Chris Bertoia is the current head coach and manager of football operations for the University of Waterloo's football team, the Waterloo Warriors, a position he has held since the 2015 U Sports season. He played CIAU football for the Warriors as part of the only two Yates Cup winning teams in school history in 1997 and 1999.

Coaching career
Following graduation, he was the offensive line coach for Catholic Central High School in London, Ontario from 2000 to 2003 while holding the same role from 2002 to 2004 with the London Beefeaters of the Canadian Junior Football League. He then moved to the Maritimes for his first collegiate coaching position with the St.
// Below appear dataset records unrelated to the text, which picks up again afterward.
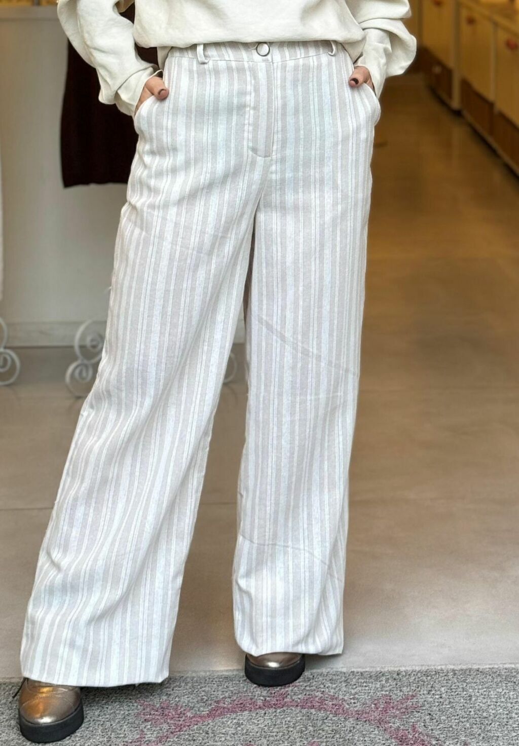 Calça pantalona, em listras nos tons claros, bolsos, e um caimento lindo!
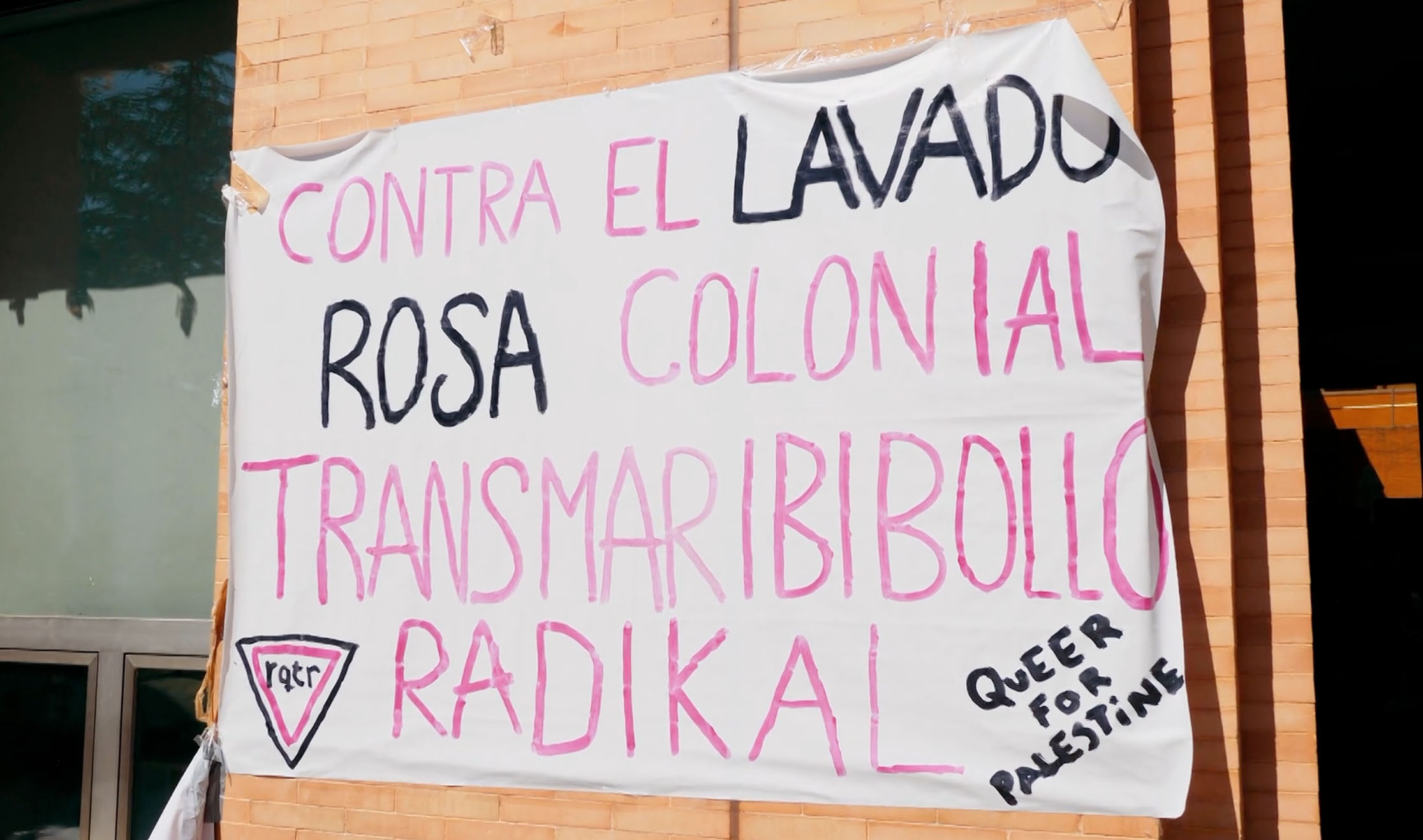 Libertad Digital ha visitado esta acampada, ha preguntado a sus portavoces y ha contemplado la cartelería increíblemente agresiva que la acompaña. Hemos hablado de las razones para mantenerse acampados que tienen los estudiantes y hemos escuchado explicaciones sobre por qué el movimiento LGTBI no tiene que apoyar a Israel –el único país en más miles de kilómetros a la redonda en el que los gays pueden vivir su vida sin esconderse–, sino que tiene que estar del lado de los palestinos.
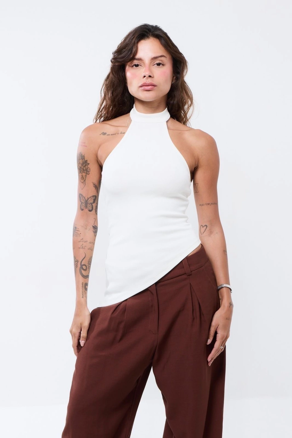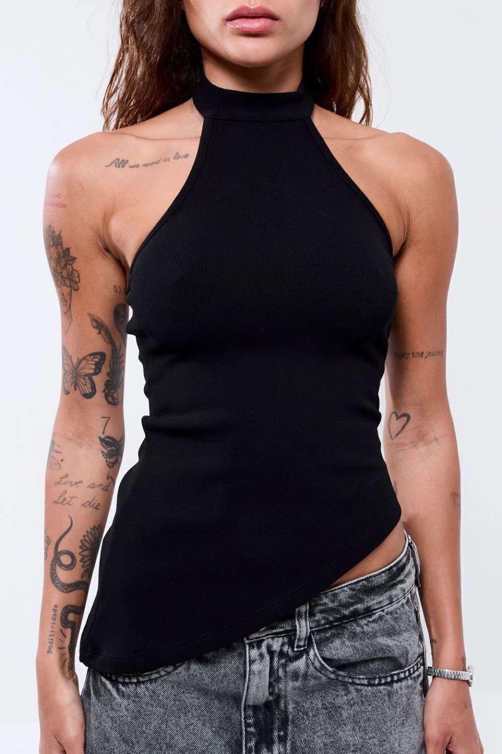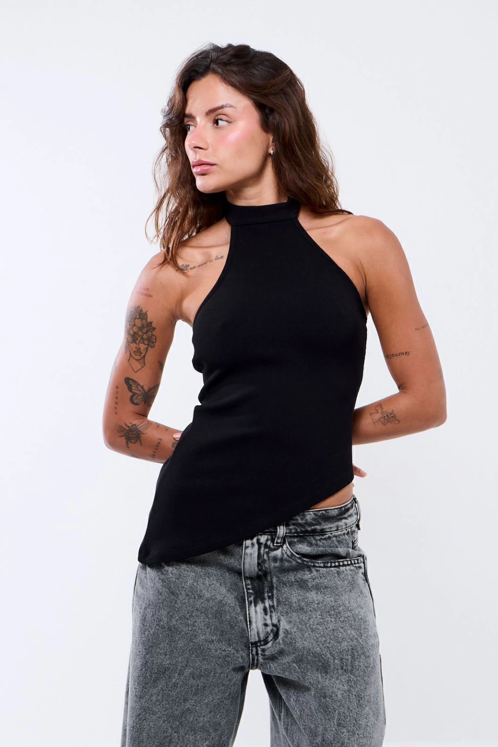 Descrição: Blusa canelada com gola alta e abotoamento no pescoço. Modelagem assimétrica e caimento perfeito, feita em malha de alta qualidade com elasticidade e toque macio. Versátil, vai bem em produções casuais ou mais arrumadas.
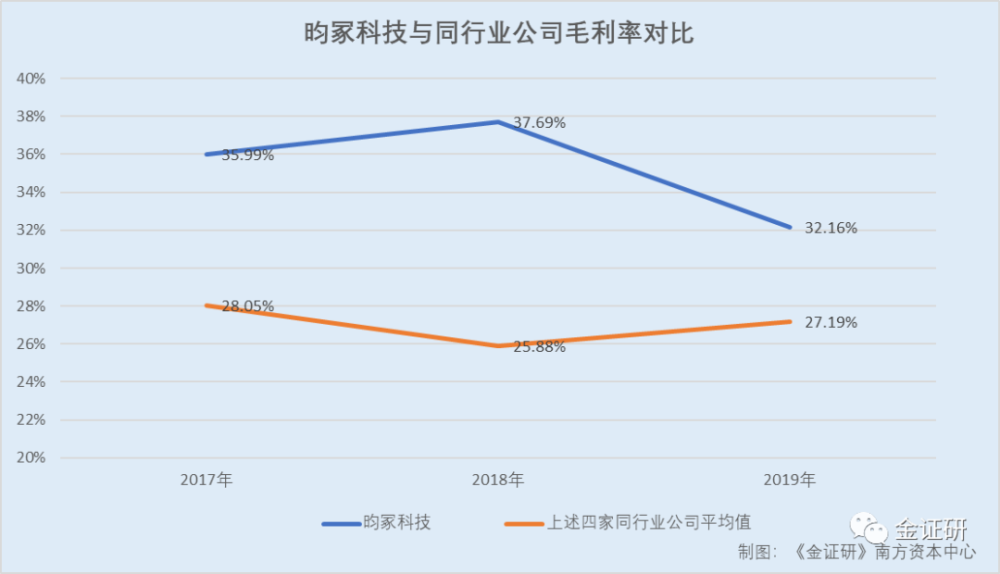 可见,2019年,昀冢科技毛利率呈下降趋势,而同行业可比公司毛利率平均值走高。
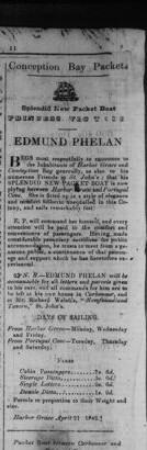 A Protestant conservative leaning newspaper, it featured both local and foreign news. It was geared towards businessmen. Among the images you\’ll find news on shipping, government, and agriculture. It was also heavy on advertisements and notices. Here\’s one about the new packet boat, The Edmund Phelan
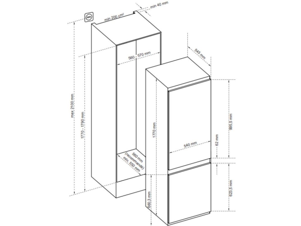 - Vestavná kombinovaná chladnička s mrazákem dole
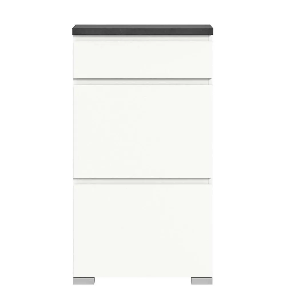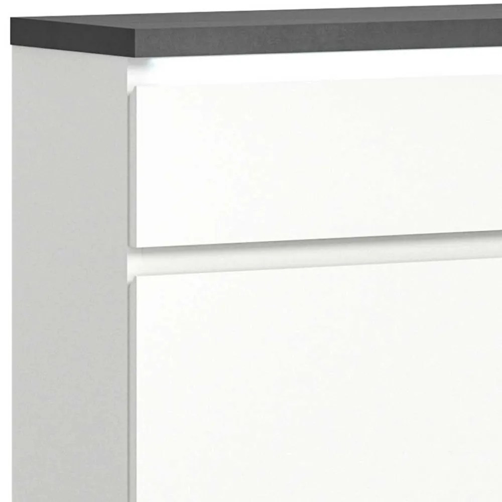Weiß und Dunkelgrau, eine Farbkombination, die schlichte Eleganz und Modernität ausstrahlt. Der Korpus und die Fronten des Schuhschranks erstrahlen in einem klaren, pflegeleichten Weiß, während die Deckplatte in einem eleganten Dunkelgrau Akzente setzt. Diese harmonische Farbgebung macht den Schuhschrank zu einem vielseitigen Möbelstück, das sich mühelos in verschiedene Einrichtungsstile integrieren lässt, sei es modern, skandinavisch oder klassisch.
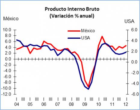 En el 1Q 2012, la economía mexicana creció 1.31% con relación al cuarto trimestre de 2011 (en cifras desestacionalizadas). En términos anuales (respecto al 1Q 2011), que es un comparativo más común, el crecimiento fue de 4.6%, una tasa que destaca en medio de un ambiente internacional dominado por la recesión en Europa. Además, la cifra es superior a las previsiones de los especialistas del sector privado (encuesta de Banxico), que en los meses recientes esperaban una tasa alrededor de 3.7% para este periodo. Con este resultado, seguramente deben mejorara las expectativas para este año.
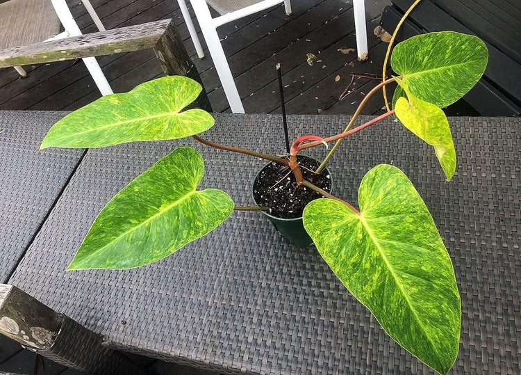 Light: Philodendrons prefer bright indirect sunlight but can grow in lower light conditions. If your home doesn't have enough natural light, use LED grow lights for 8-10 hours a day as a supplement. New leaves may be smaller and colors may fade in low light conditions. Water: Water thoroughly after soil is almost dry, more often in the growing season and less frequently in winter. Test soil for dryness by picking up the plant. Water more often in warm or hot conditions. Temperature: Philodendrons love warm temperatures of 65-85°F and benefits from air circulation. Keep away from cold drafts and hot temperatures over 90°F. Humidity: Philodendrons can handle most household humidity levels but grow more rapidly with humidity above 60%. Increase humidity with pebble trays, grouping plants, or a cool mist humidifier. Fertilizer: Philodendrons benefit from regular fertilizing and should be fertilized with a weak solution of complete liquid fertilizer every two weeks during growing season. Do not fertilize during winter unless the plant is still growing.
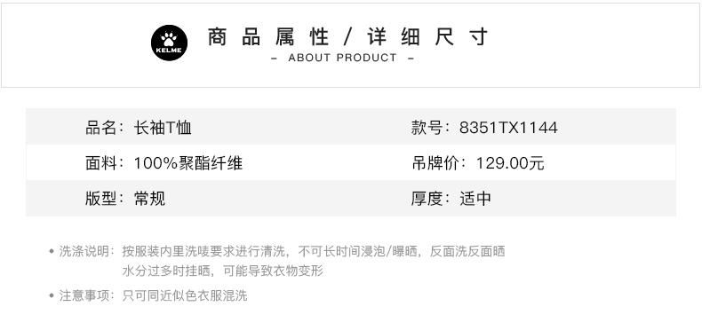 卡尔美秋冬新款男士休闲运动长袖T恤
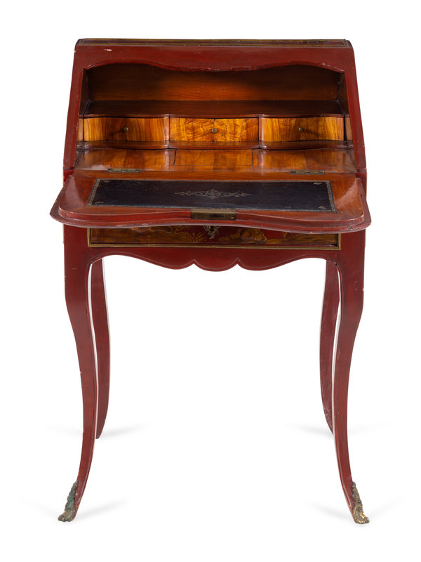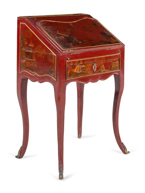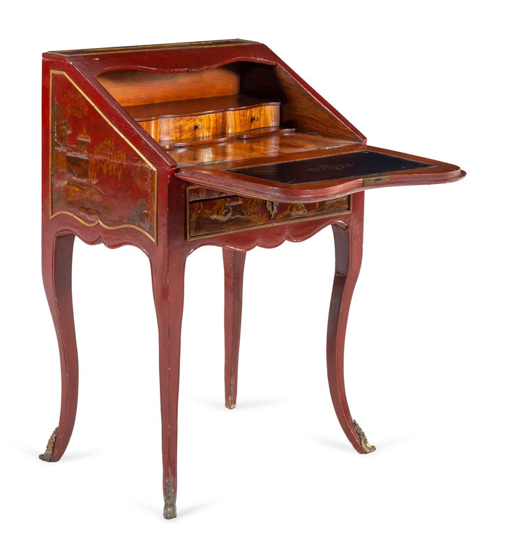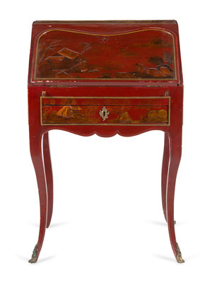 A Louis XV Red Chinoiserie Lacquered Slant-Front Bureau
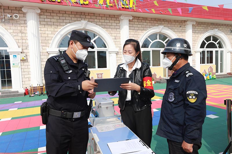 图为曹泳海到辖区幼儿园排查安全隐患。

Francis Xavier X-Men in 2005 where he served as the offensive and defensive line coach, recruiting coordinator and strength and conditioning coach over his four-year tenure there. He moved back to his hometown of London in 2009 to become the offensive line coach and recruitment coordinator for the Western Mustangs. He was with the Mustangs program through to the 2014 season until he was named Waterloo's head coach on December 18, 2014. He was named OUA coach of the year in 2017 after leading the program to a 4-4 record following back-to-back winless seasons.

Personal life
Bertoia currently resides in Woodstock, Ontario with his wife, Tracie, and their children, Johnathan and Emma.

References

External links 
 Waterloo Warriors bio

Living people
Sportspeople from London, Ontario
Players of Canadian football from Ontario
Waterloo Warriors football players
St. Francis Xavier X-Men football coaches
Western Mustangs football coaches
Waterloo Warriors football coaches
Year of birth missing (living people)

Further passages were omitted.